The potential CGT problem and the VAT deductibility issue are pretty much wholly unrelated, but you seem to be conflating the two.

The CGT problem exists regardless of whether or not there is a VAT deduction claimed by the company. The relevant statutory provisions being at S.604 (6) & (7):

_(6) Where the gain accrues from the disposal of a dwelling house or part of a dwelling house part of which is used exclusively for the purposes of a trade, business or profession, the gain shall be apportioned and subsections (2) to (5) shall apply in relation to the part of the gain apportioned to the part which is not exclusively used for those purposes._

_(7) Where at any time in the period of ownership there is a change in the dwelling house or the part of it which is occupied as the individual's residence, whether on account of a reconstruction or conversion of a building or for any other reason, or there have been changes as regards the use of part of the dwelling house for the purpose of a trade, business or profession or for any other purpose, the relief given by this section may be adjusted in such manner as the inspector and the individual may agree, or as the Appeal Commissioners may on an appeal consider to be just and reasonable._

So Ninak and MrNinak are already in a position where, on a sale of their house, they should be doing a fiddly apportionment to calculate the amount of chargeable gain / allowable loss arising on the disposal as a result of the partial use of the property for business.



WizardDr said:


> You then say that the Company could not have claimed the VAT anyway. I am saying that they could. (How could they claim it on moveables and not immoveables if there is an equitable interest?)

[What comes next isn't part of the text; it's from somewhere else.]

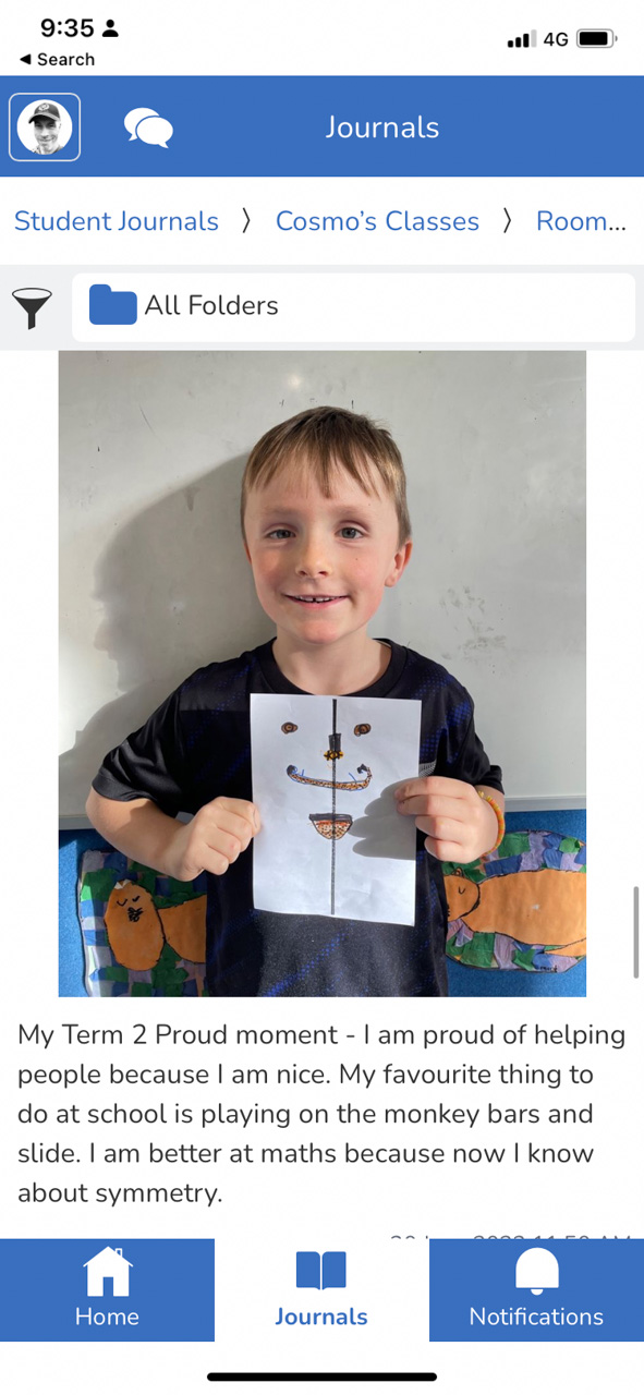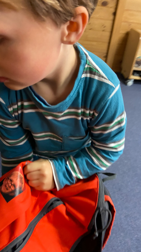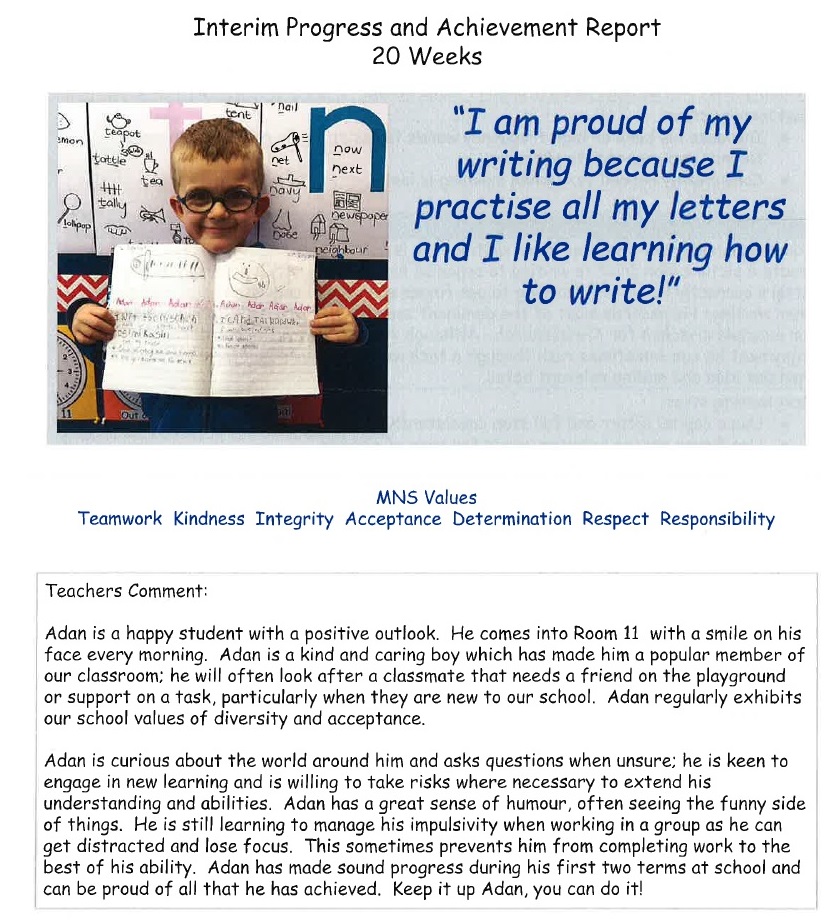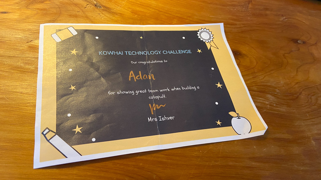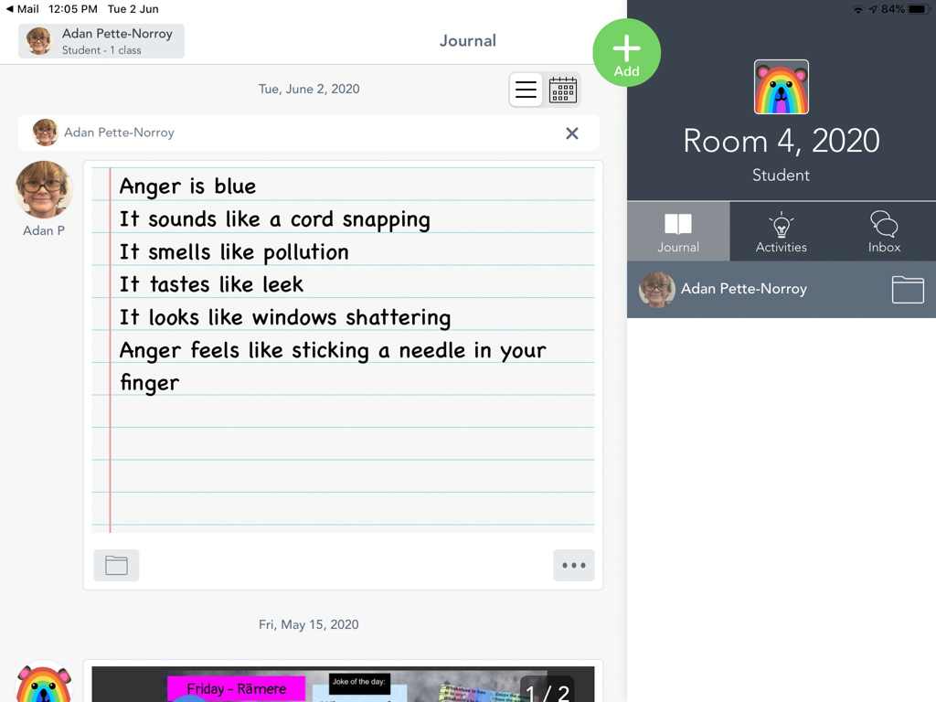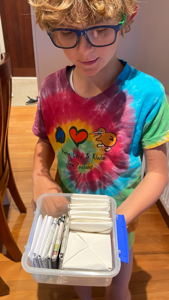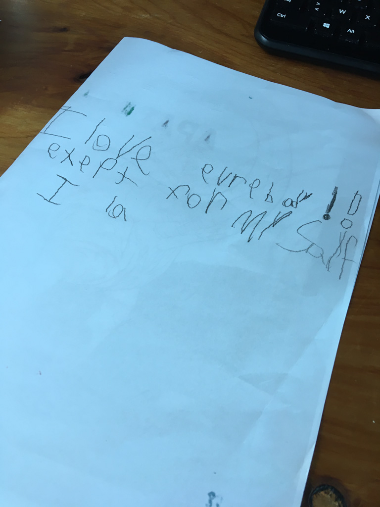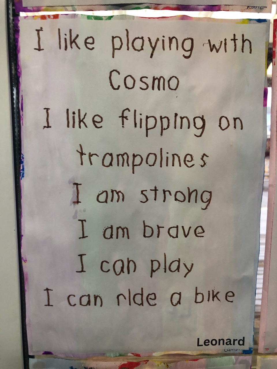He is welcome to share it with the class if he likes before I find a space to display it.
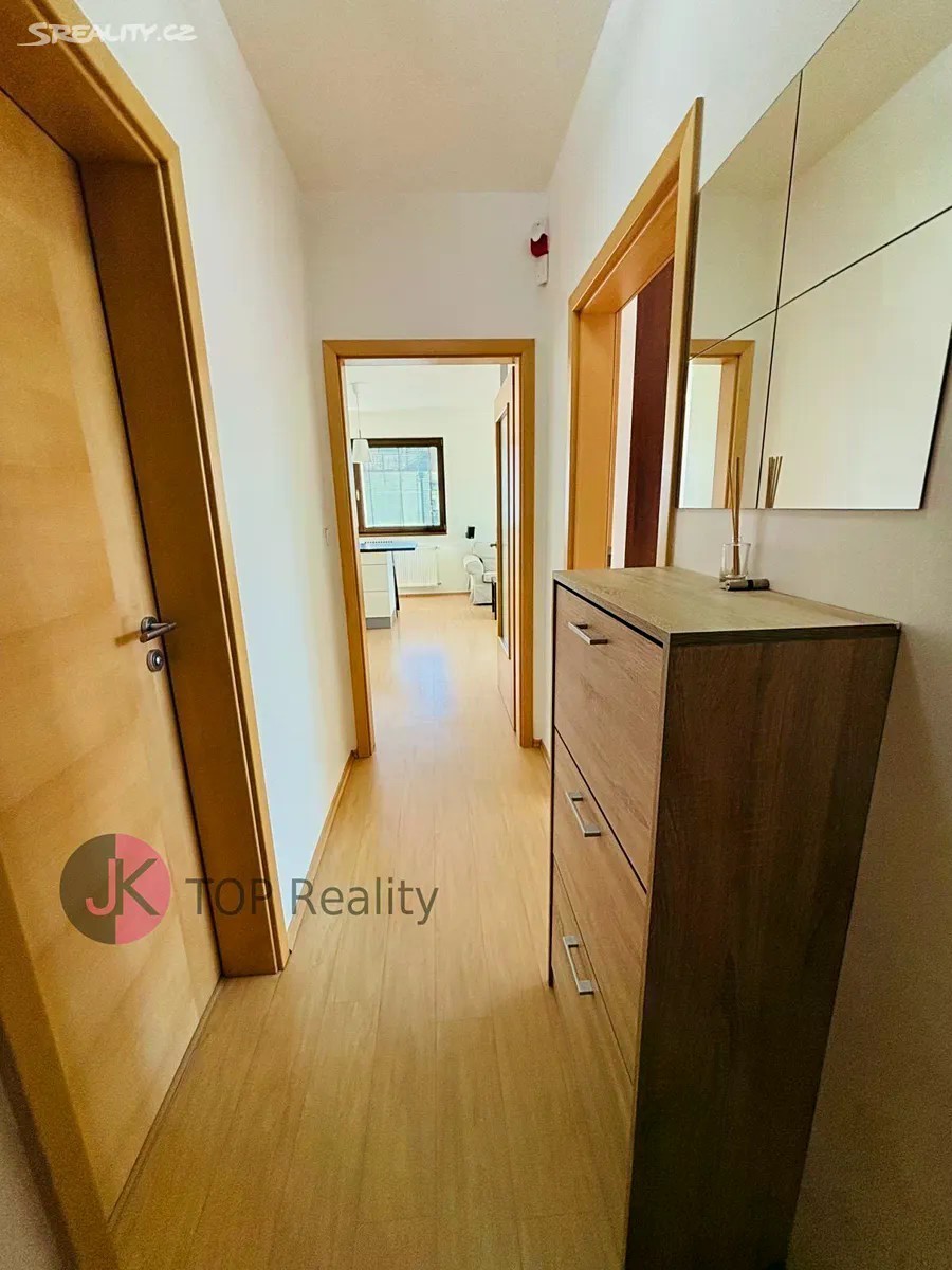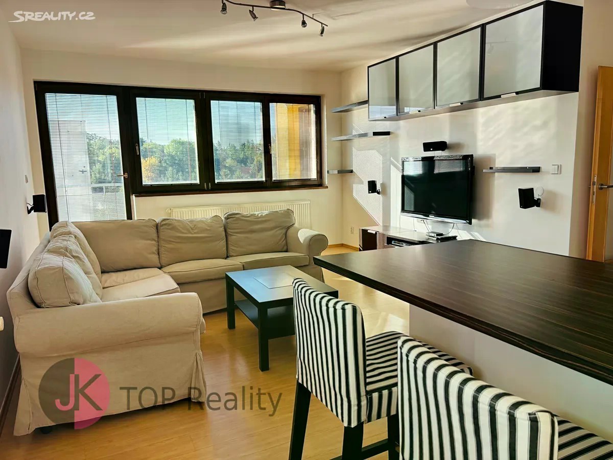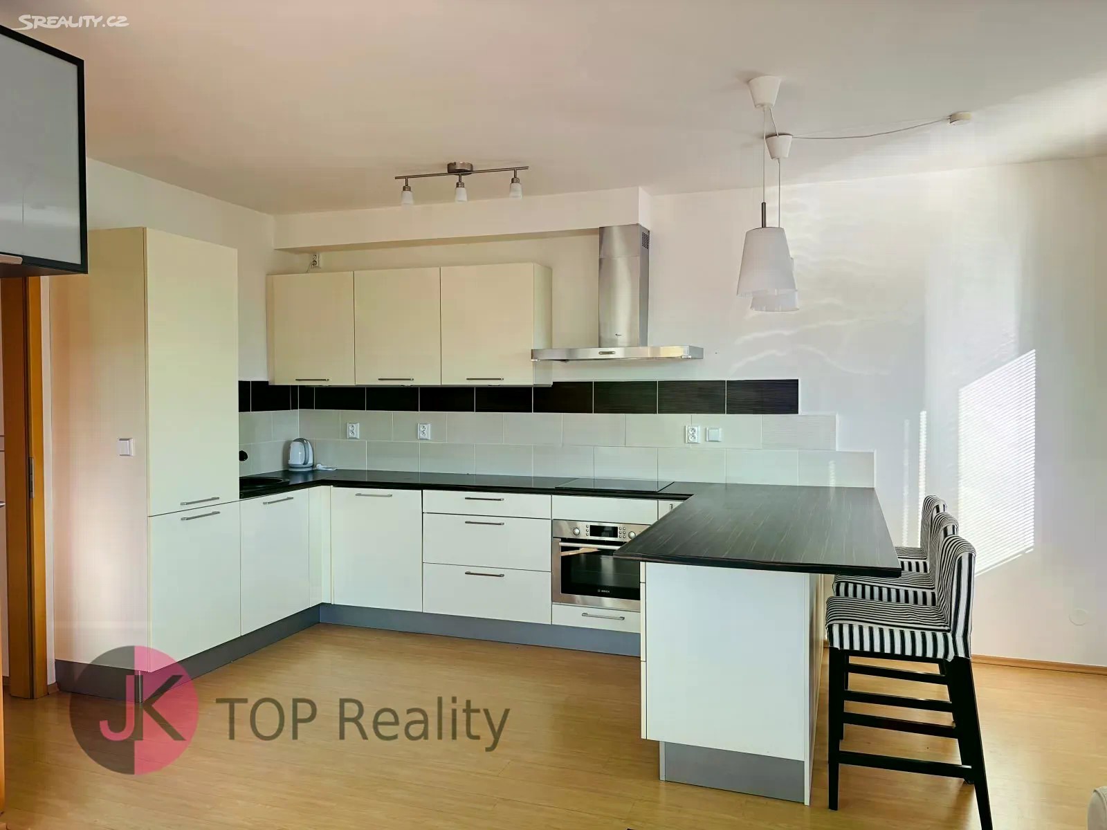 Exkluzivně nabízíme k pronájmu krásný byt s dispozicí 2+kk a rozloze 57 m2 + terasa 7 m2 s nádherným výhledem do zeleně, nacházející se ve 3. patře čtyřpatrové novostavby s výtahem. Byt je vybavený - kuchyňská linka se sklokeramickou deskou a el. troubou, mikrovlnná trouba, lednice s mrazákem, barový pult se židlemi, v obývacím pokoji sedací souprava, konferenční stolek, komody, TV, v předsíni botník, v ložnici dvoulůžko a vestavěné skříně, v koupelně vana, WC a pračka. Na podlaze plovoucí lamino a dlažba. Orientace oken je na J. Parkování před domem. Hezká a klidná lokalita plná zeleně s veškerou občanskou vybaveností v místě. Dostupnost MHD - busem na vlakové spojení či metro. Volné ihned. V případě zájmu kontaktujte realitního makléře.

The company can claim it on the moveables because they own them. If I buy a desk for the office you're letting me use, then it's my desk and of course I'm entitled to my input credit.

We'll have to agree to differ in our view of the VAT on the immoveable property - as I said at the outset if the company pays for extension of the director's house it would be viewed by Revenue as a payment for the benefit of the director(s)/participator(s) and fall to be taxed under either BIK / close company provisions (or both, depending on who owns the property and who's employed / acts as director of the company). If I were a VAT inspector (!) I wouldn't be putting much store in the piece of paper declaring an equitable interest in the property - I'd let Mr Kelly or Mr O'Callaghan make that call.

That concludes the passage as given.